Delta Table Source Connector
Objectives
Extract text and metadata from a PDF file using the Unstructured.io Python SDK.
Process and store this data in a Databricks Delta Table.
Retrieve data from the Delta Table using the Unstructured.io Delta Table Connector.
Prerequisites
Unstructured Python SDK
Databricks account and workspace
AWS S3 for Delta Table storage
Extracting PDF Using Unstructured Python SDK
Install Unstructured Python SDK
pip install unstructuredio-sdk
Code Example
from unstructured_client import UnstructuredClient
from unstructured_client.models import shared
from unstructured_client.models.errors import SDKError
s = UnstructuredClient(
security=shared.Security(
api_key_auth=UNSTRUCTURED_API_KEY, # replace with your own API key
),
)
req = shared.PartitionParameters(
# Note that this currently only supports a single file
files=shared.PartitionParametersFiles(
content=file.read(),
files=filename,
),
# Other partition params
strategy="hi_res",
chunking_strategy="by_title",
)
Processing and Storing into Databricks Delta Table
Initialize PySpark
from pyspark.sql import SparkSession
spark = SparkSession.builder.appName('sparkdf').getOrCreate()
Convert JSON output into Dataframe
import pyspark
dataframe = spark.createDataFrame(res.elements)

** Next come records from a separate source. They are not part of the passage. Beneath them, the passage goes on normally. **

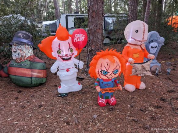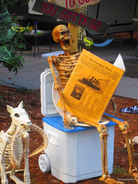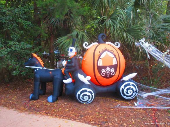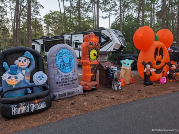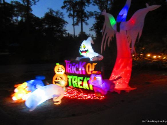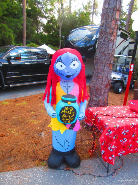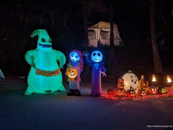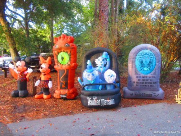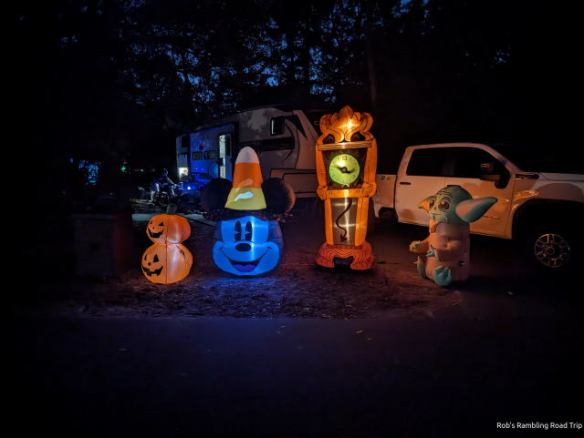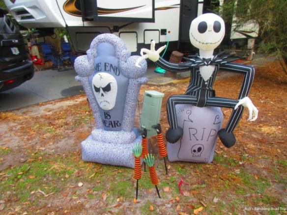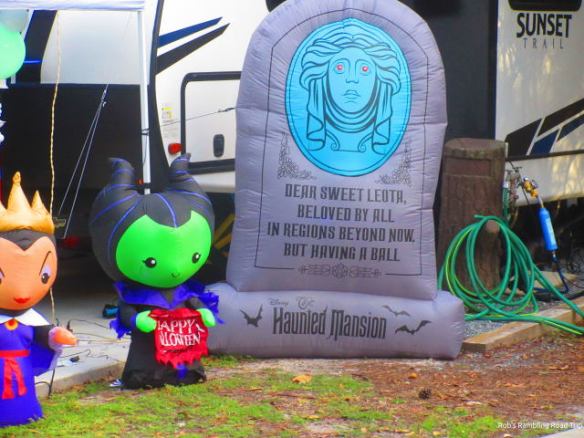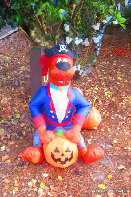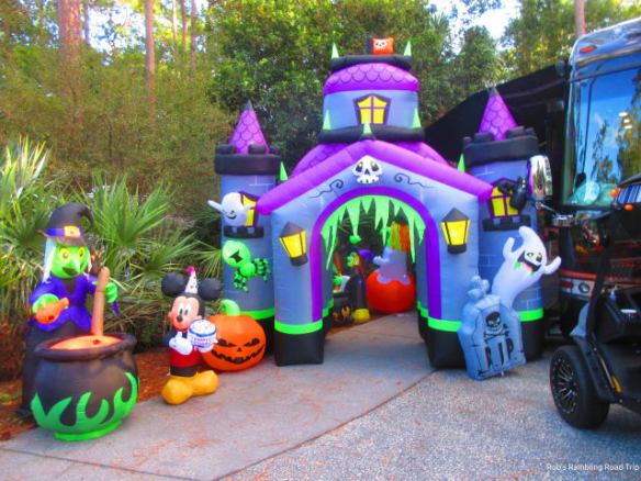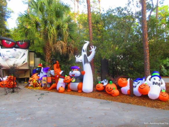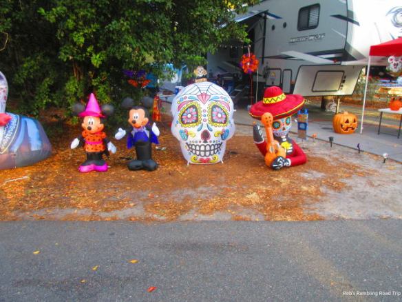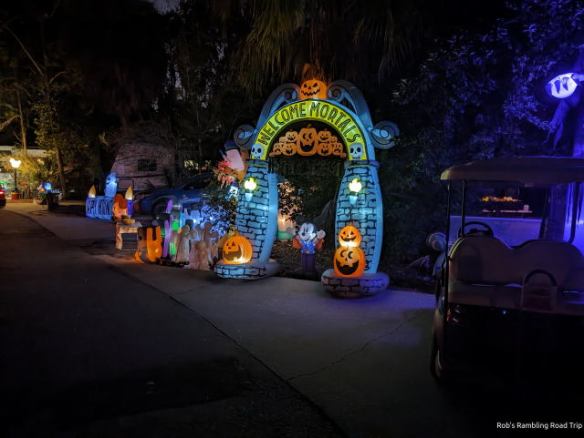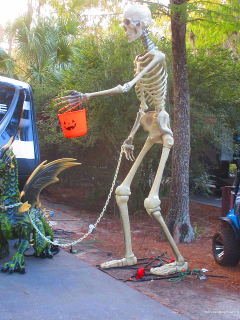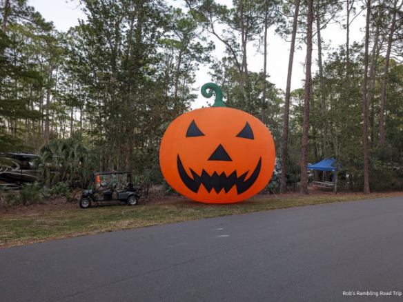 Happy Halloween! Today was a nice warm and comfortable day. The high temperature was in the mid eighties. It was nothing like the Halloweens of my youth in the Northeast. My memories of Halloween are associated with cold temperatures and wet weather. It was also darker in the evening because the time change back to standard time was in the middle of October rather than the first weekend in November. There isn’t anything going on here for Halloween. A few people have decorated, but haven’t heard about any parties or golf cart parades. This is a fifty five plus park, so there aren’t any kids to go door to door.
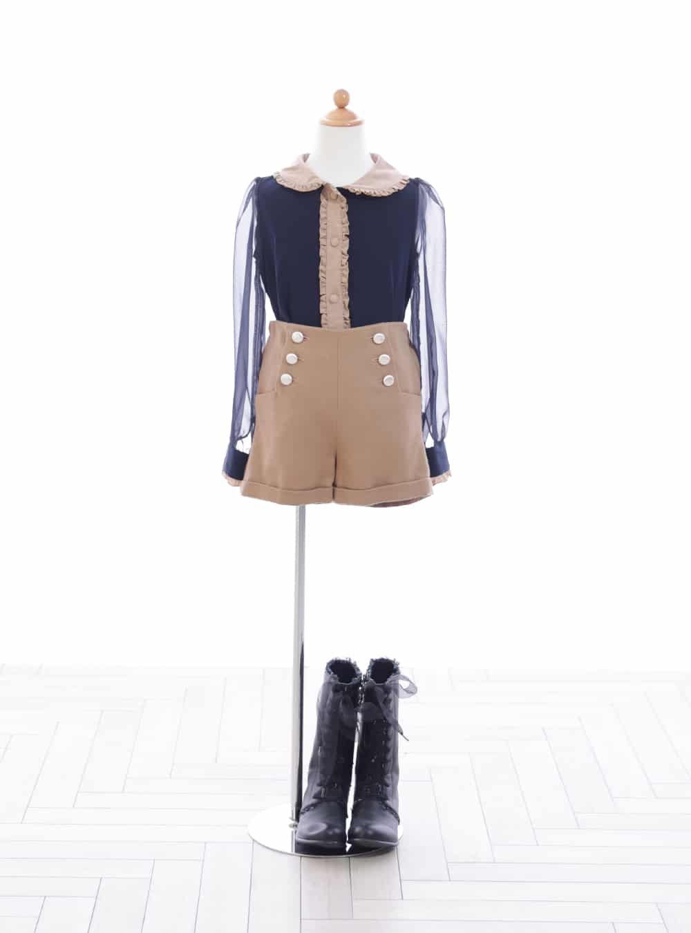 カジュアルさとエレガンスを兼ね備えたスタイリッシュな一着です。上品なネイビーブルーのブラウスは柔らかな素材感とボリュームのあるスリーブが特徴でクラシックな雰囲気を醸し出しています。フロントのリボンディテールが可愛らしさを添え、女の子らしさを引き立てています。 ショートパンツはシンプルでありながらも存在感のあるデザインでベージュの色合いがブラウスとの相性を良くし全体のバランスを整えています。
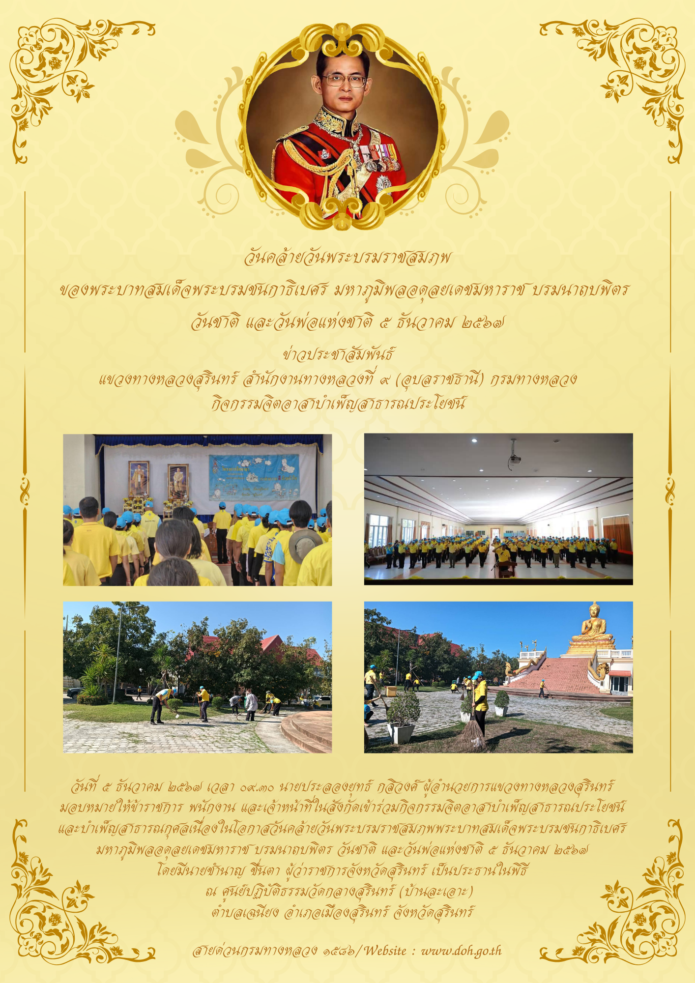 กิจกรรมจิตอาสาบำเพ็ญสาธารณประโยชน์ และบำเพ็ญสาธารณกุศลเนื่องในโอกาสวันคล้ายวันพระบรมราชสมภพพระบาทสมเด็จพระบรมชนกาธิเบศร มหาภูมิพลอดุลยเดชมหาราช บรมนาถบพิตร

Store DataFrame as Delta Table
dataframe.write.mode("overwrite").format("delta").saveAsTable("delta_table")
Extracting Delta Table Using Unstructured Connector
Install Unstructured Connector Dependency
pip install "unstructured[delta-table]"
Command Line Execution
unstructured-ingest \
delta-table \
--table-uri <<REPLACE WITH S3 URI>> \
--output-dir delta-table-example \
--storage_options "AWS_REGION=us-east-2, \
AWS_ACCESS_KEY_ID=$AWS_ACCESS_KEY_ID, \
AWS_SECRET_ACCESS_KEY=$AWS_SECRET_ACCESS_KEY" \
--verbose
Conclusion
This documentation covers the essential steps for converting unstructured PDF data into structured data and storing it in a Databricks Delta Table. It also outlines how to extract this data for further use.